Hi all, Ive just recently joined this forum and although I've traded some shares using my bank's online broking system, I'm still very much a beginner.

I've read quite a lot about different strategies used on the market, for example programming into software, such as Tradestation and buying and selling futures as a day trader. Additionally on this forum I've read discussions about CFDs and the powerful magnification of profit/loss that they provide.

So far most of my trades have been of very small amounts in the companies ENG and ARR. Although ARR has been moving rapidly upwards in price since last Wednesday, due to the small amount of shares I purchased, the profit was quite minimal.

I was wondering if anyone could suggest if CFDs / Futures would be the way to go, or what a reasonable amount to invest would be for shares priced around the $2 mark.

Young trader today also mamaged to predict that BCN was ready for a massive rise in price and it is currently @ 39c. Since I'm very new to this and quite young also (19), I'm not sure of the signs to look for on the market (involving announcements etc..) to be able to effectively trade with the least amount of risk.

Thanks


----------



## bvbfan (16 January 2007)

Be profitable on shares before moving to CFD's

And don't use all the available leverage with CFDC's, play it as you would with shares (ie use same amount of $)


----------



## coyotte (16 January 2007)

Before you go any further why not give Nick Radge's Service ago -$55 a month.

Here you will learn how to Trade -- The set-ups and money management.
Along with Stock selections for long and short term but most importantly WHY.

Buy his book Adaptive Analysis first $30 and you will understand the service better --- on top of that there would be no need to buy any other book besides Douglas's for several years.

By doing the above you will be kicking off on a solid foundation and be light years ahead of where most traders start -- guaranteed.

As Nick's service is limited to the top 300 its ideal for use with CFDs. 
If you join IG Markets you are only paying $1 brokerage per $1000 traded.
There are several possible ways to approach the position size.

1: You could stick only to the amount you have in CASH.

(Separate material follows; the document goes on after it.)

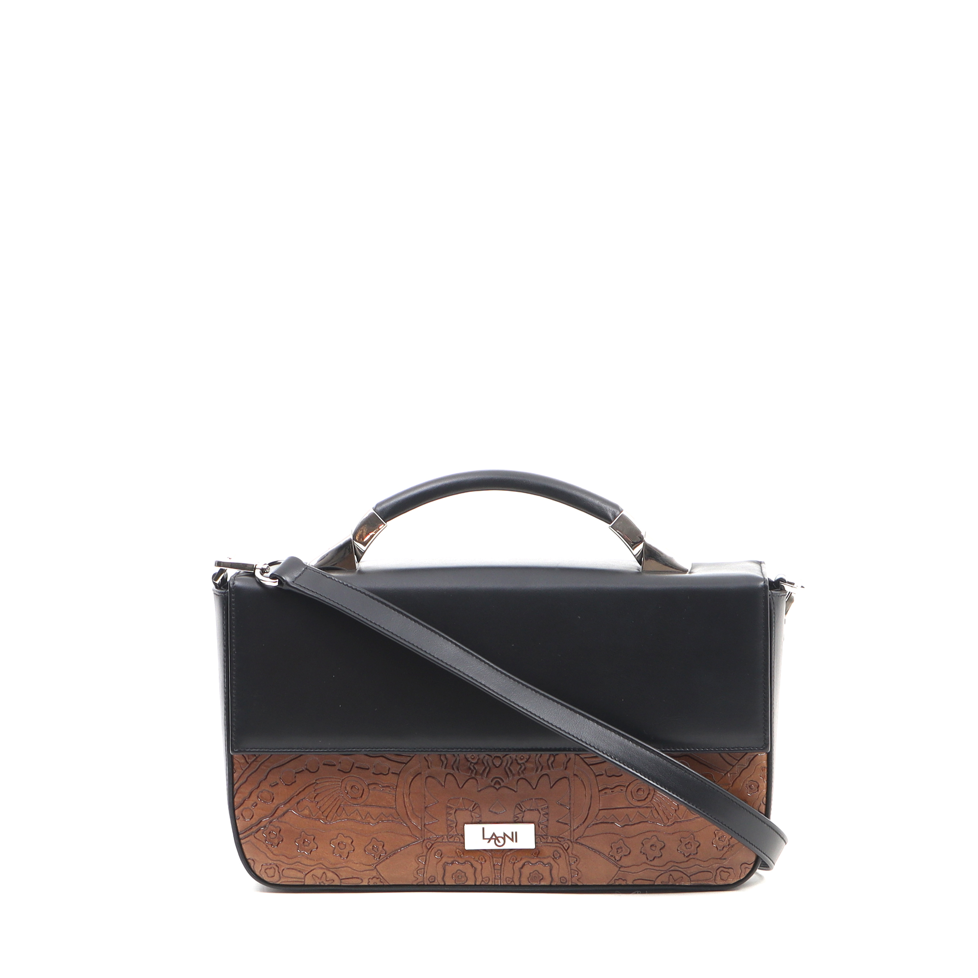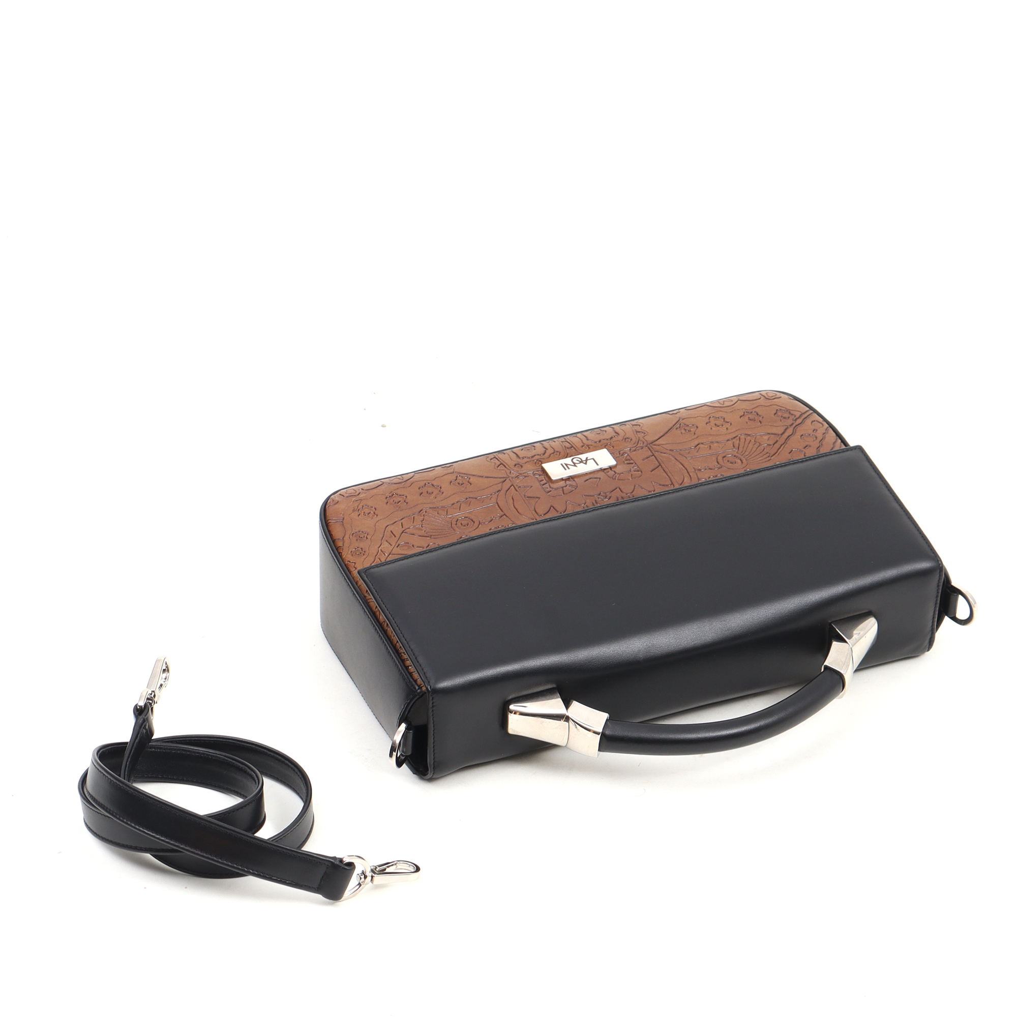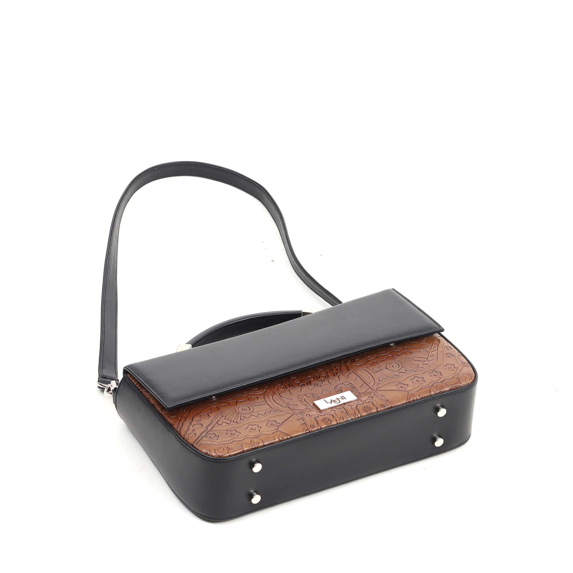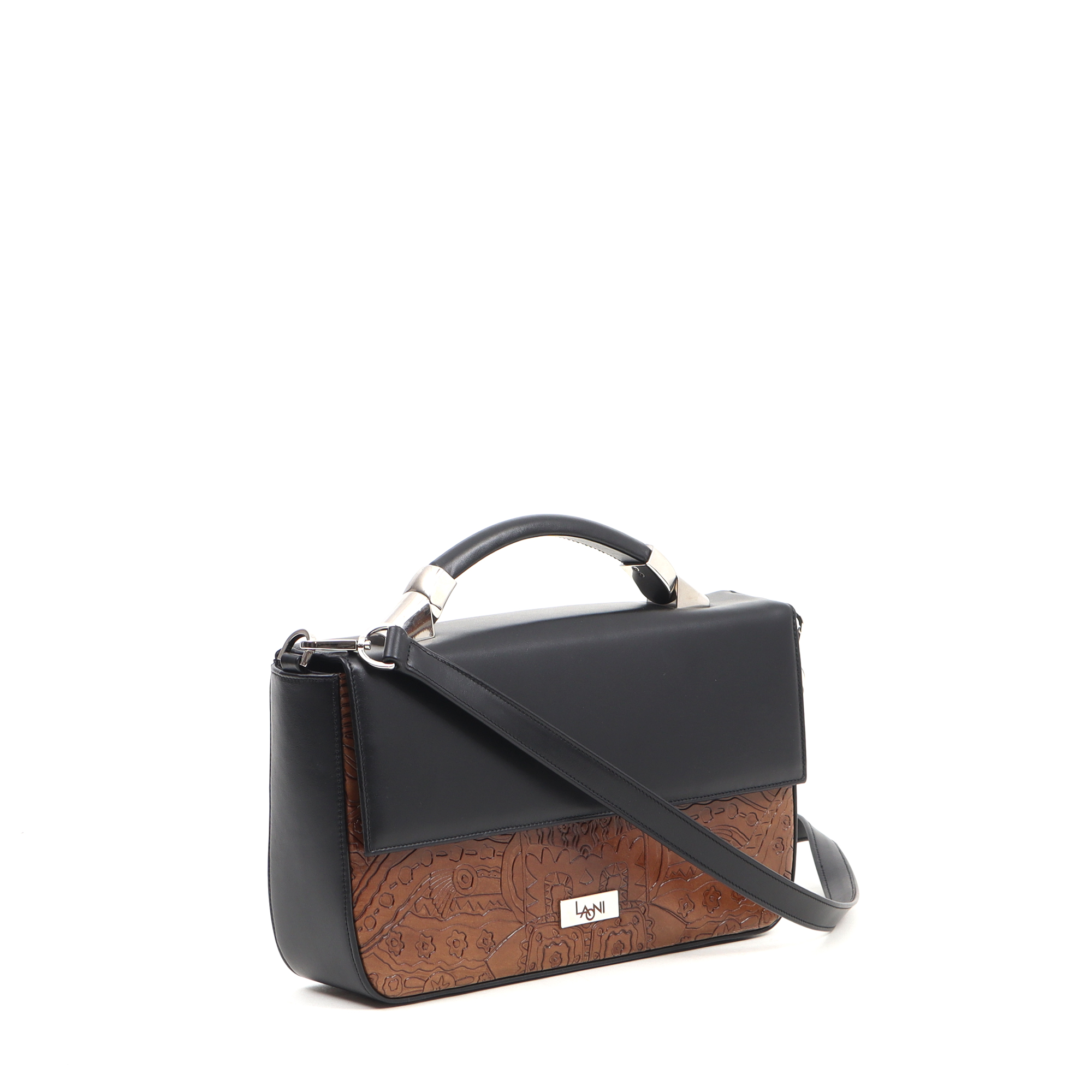 Color: black and haselnut brown embossed pattern

2: You could do as Tech/a suggests with Techtrader and for every $1000 of position size have $333 to back it up --- with a 10% STOP you're playing pretty safe --- on top of that, as this is a 33% margin you're placing as opposed  to the max of 25% by IG you're hardly going to get a call.

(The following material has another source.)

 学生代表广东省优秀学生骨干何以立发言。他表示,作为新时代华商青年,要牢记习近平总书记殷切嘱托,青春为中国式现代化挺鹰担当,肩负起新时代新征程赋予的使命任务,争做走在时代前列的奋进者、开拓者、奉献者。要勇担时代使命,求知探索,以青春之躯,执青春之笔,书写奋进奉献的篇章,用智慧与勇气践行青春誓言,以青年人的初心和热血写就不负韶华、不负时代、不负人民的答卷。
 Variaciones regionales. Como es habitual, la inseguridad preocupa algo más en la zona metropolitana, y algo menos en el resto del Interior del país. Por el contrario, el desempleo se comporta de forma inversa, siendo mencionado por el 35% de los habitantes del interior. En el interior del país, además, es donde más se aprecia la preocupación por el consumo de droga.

Only trouble with CFDs your paying 8%+ interest on the total value.
But if you stick with short term trading (5-30 days) in most cases it still works out far cheaper than a broker.


Depends on your position $$$ size for the longer term.
But if you had a margin loan you would still be paying interest -- but only on the initial $$$ size.



Cheers


----------



## Wysiwyg (16 January 2007)

Peter_D said:
			
		

> Hi all, Ive just recently joined this forum and although I've traded some shares using my bank's online broking system, I'm still very much a beginner.
> 
> I've read quite a lot about different strategies used on the market, for example programming into software, such as Tradestation and buying and selling futures as a day trader. Additionally on this forum I've read discussions about CFDs and the powerful magnification of profit/loss that they provide.
> 
> ...




Hi Pete....Firstly I`m not greatly experienced in share trading myself.I purchased my first shares (CBA @ $11.10) and have since 2004 been more active.Funny enough I read an almost perfect example of what is required (but still hard to master) on a past topic tonight.Thirsty for knowledge, you probably have already read it.Sorry, no definitive advice from me personally but a mile in the shoes of experience does wonders.


 Go to  General Chat..The best I`ve see on ANY forum.Post No. 1


----------



## proudwanderer (22 January 2007)

What broker account are people using to trade CFDs?

I have a commsec account - would this be ok?


----------